Regardless of theoretical approach taken to protect, extend and prioritize planning for asset repair and replacement, do utilities have sufficient resources to implement what is put to paper, especially in terms of ongoing maintenance of critical and valued assets?
This paper will discuss a specific, objective approach called Zero Based Maintenance Staffing Projections, which can be used to estimate maintenance trade staffing levels that are necessary to effectively implement and sustain all maintenance task requirements associated with a defined asset and maintenance management program. In summary, the approach includes a detailed assessment of Preventative Maintenance (PM) tasks for each major discipline such as mechanical, electrical, instrumentation and control, heating/ventilation/ air conditioning, etc. Estimated time is then developed to complete each task followed by the application of various availability (total annual hours available to work per employee) and utilization factors (total time available less inherent inefficiencies such as travel time, setup time, troubleshooting, etc).

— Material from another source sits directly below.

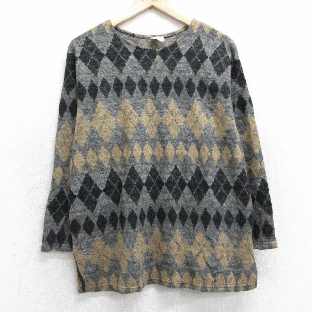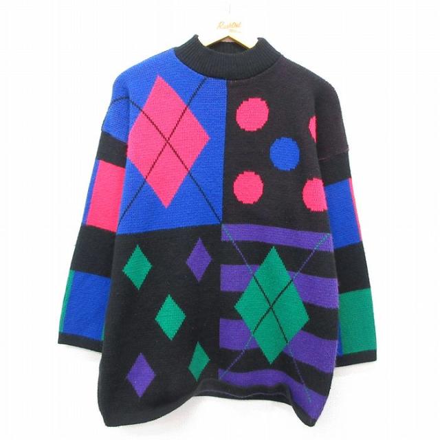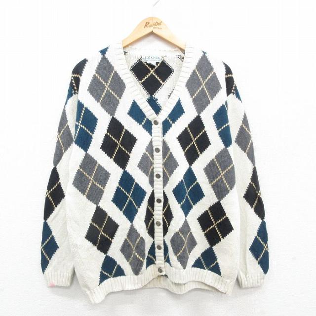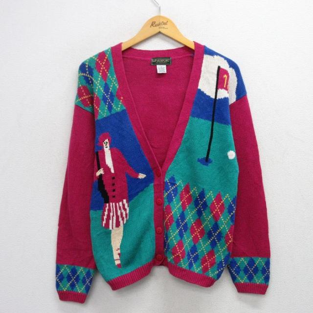 古着 長袖 ニット カーディガン レディース 90年代 90s アーガイル 女性 ゴルフ 濃ピンク他 中古 トップス 中古 古着

Once PM tasks and total time estimates per maintenance trade are determined, Corrective Maintenance (CM) staffing level are then estimated by applying various work level ratios (PM/CM estimates) along with estimated CM utilization factors. The end results provide utility management with an updated, objective assessment of equipment maintenance task needs and associated maintenance trade staffing levels. This process can be considered for developing staffing plans for new or expanded facilities that have minimal or no maintenance histories or for reviewing and updating the needs of existing facilities.